[How to complete this task]
Make an exact copy of the listing underneath, skipping each picture.

[Material provided]
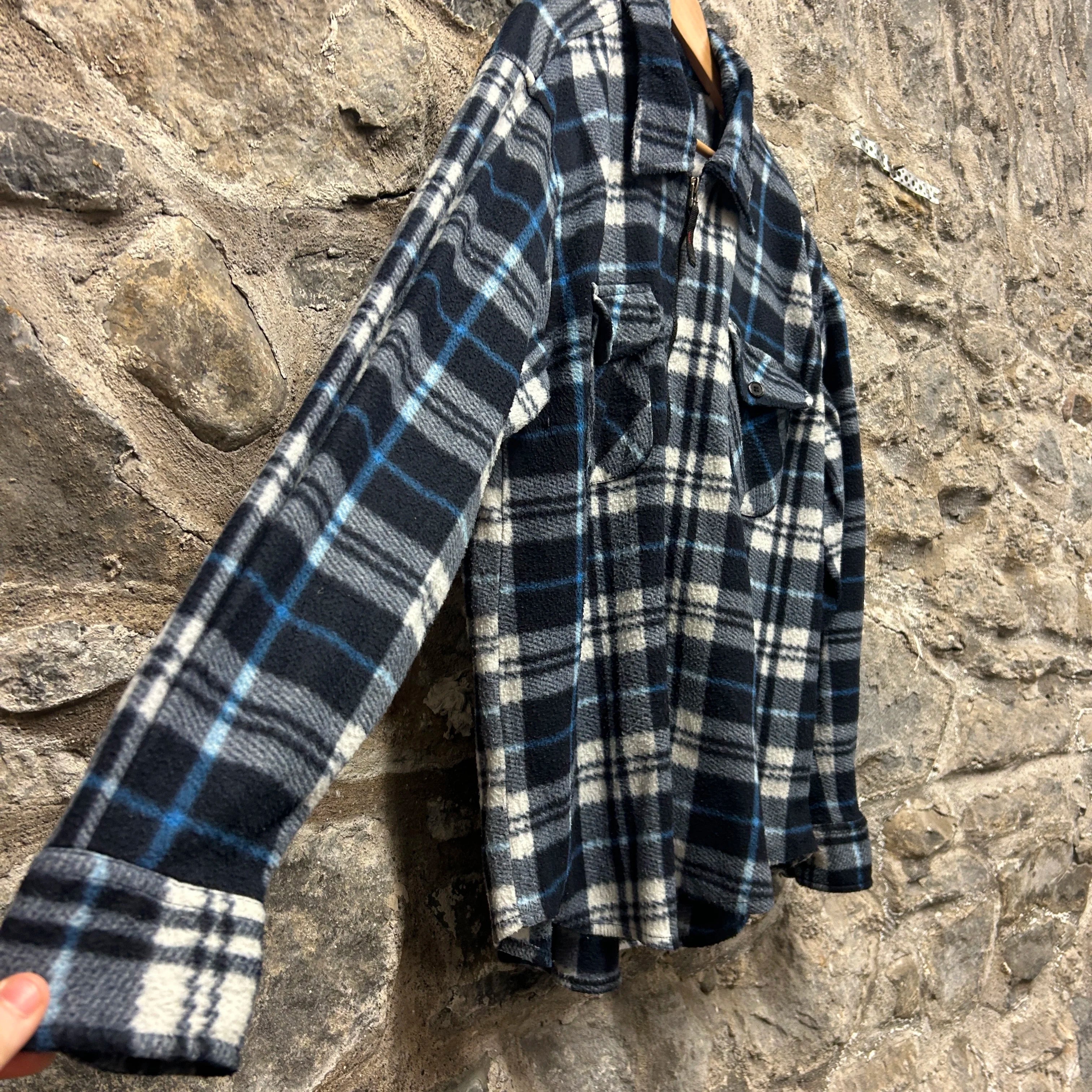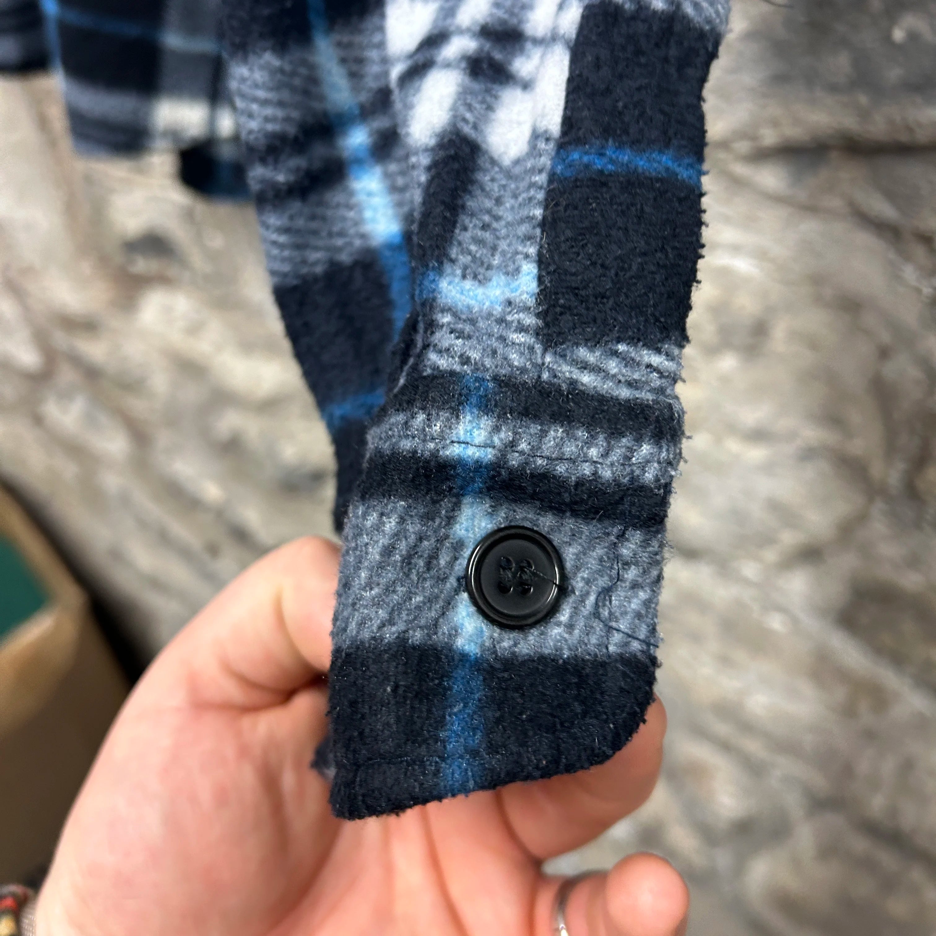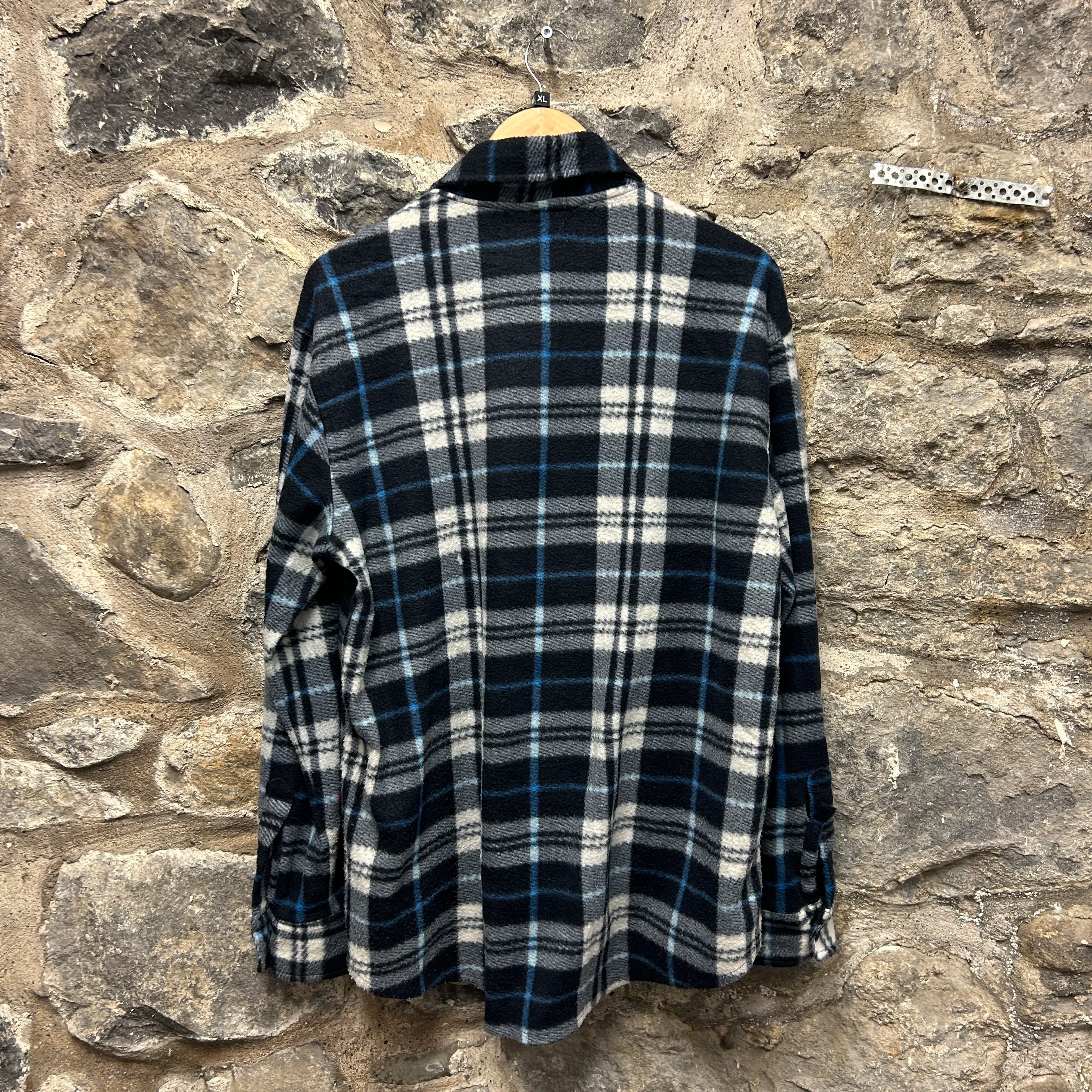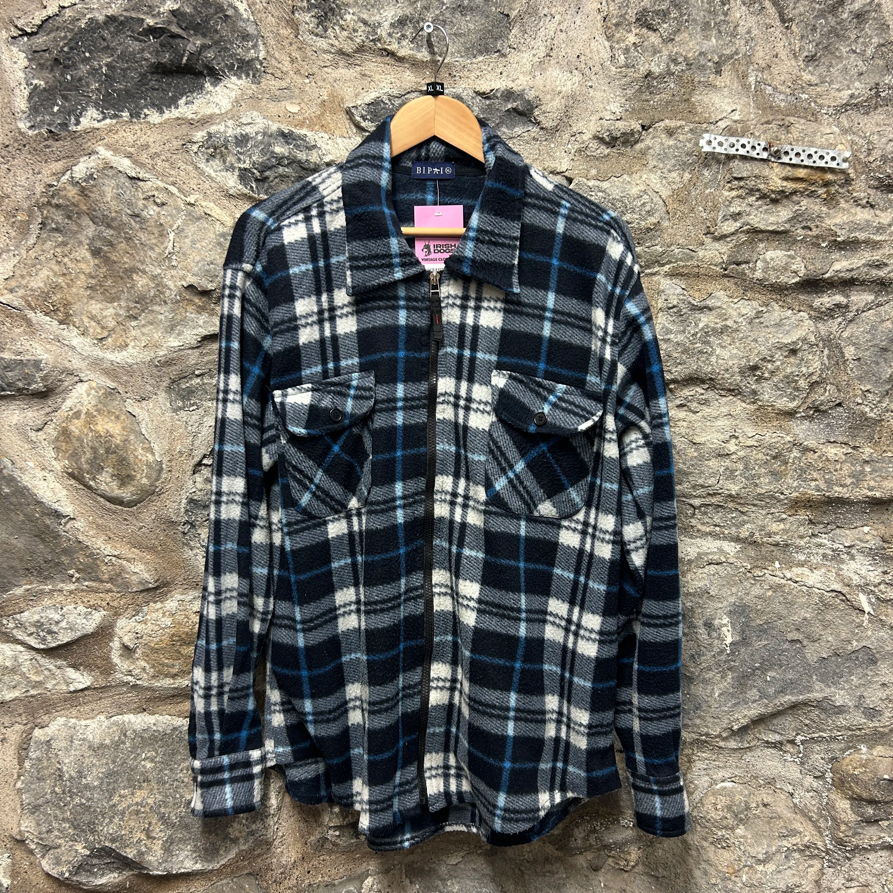 Product details: Black, white, and blue tartan plaid, full zip front, buttoned cuffs, two chest flap pockets, made from soft brushed flannel. Size XL. Brand: Bipai.| Label Size | |
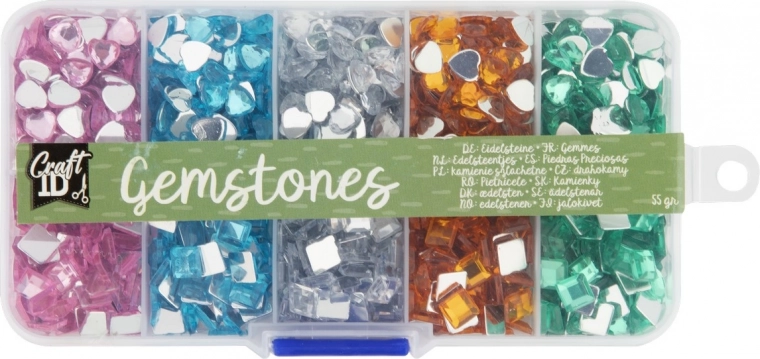 Sada barevných drahokamů nabízí krásné kameny v 5 barvách a 2 tvarech, vše baleno v praktickém plastovém pořadači.
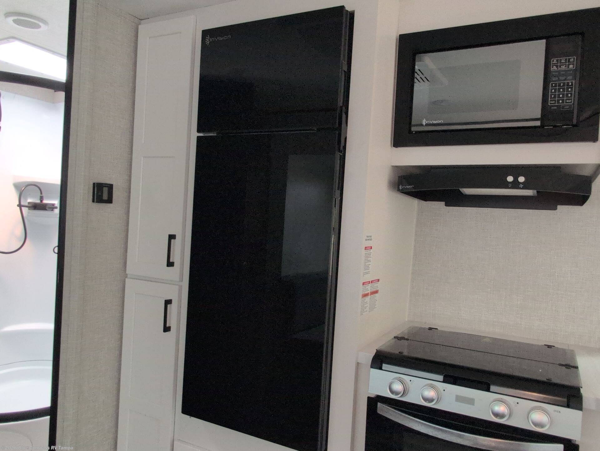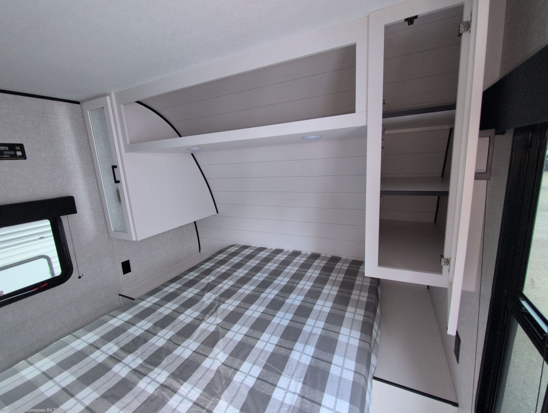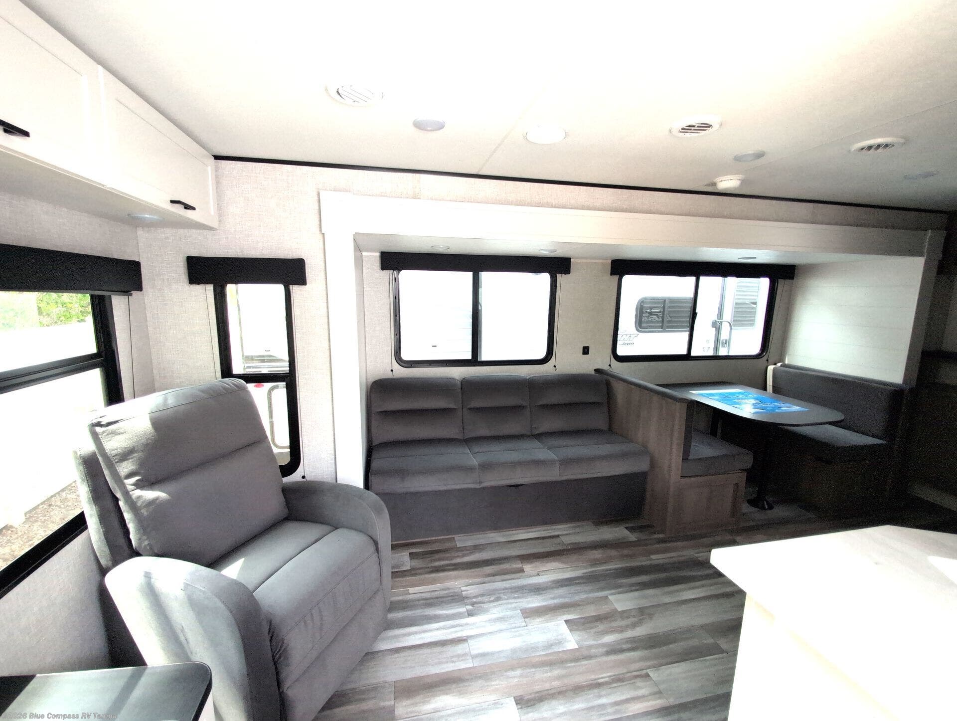 You can comfortably sleep up to six people in this trailer thanks to the RV queen bed in the front bedroom, plus the booth dinette and jack-knife sofa in the main living area! The chef of your crew will have a three burner cooktop and microwave oven to prepare meals, and everyone can store their favorite drinks in the 8 cu. ft. 12V refrigerator. The walk-through bath is spacious and includes a radius shower, toilet, a sink, and linen closet and is the full width of the unit. The outside storage will let you bring along camp chairs and games, fishing poles and more, plus the 18' 3" power awning with LED lights will create a nice place to gather in the evenings!

[Answer to the exercise]
 Product details: Black, white, and blue tartan plaid, full zip front, buttoned cuffs, two chest flap pockets, made from soft brushed flannel. Size XL. Brand: Bipai.| Label Size | |
 Sada barevných drahokamů nabízí krásné kameny v 5 barvách a 2 tvarech, vše baleno v praktickém plastovém pořadači.
 You can comfortably sleep up to six people in this trailer thanks to the RV queen bed in the front bedroom, plus the booth dinette and jack-knife sofa in the main living area! The chef of your crew will have a three burner cooktop and microwave oven to prepare meals, and everyone can store their favorite drinks in the 8 cu. ft. 12V refrigerator. The walk-through bath is spacious and includes a radius shower, toilet, a sink, and linen closet and is the full width of the unit. The outside storage will let you bring along camp chairs and games, fishing poles and more, plus the 18' 3" power awning with LED lights will create a nice place to gather in the evenings!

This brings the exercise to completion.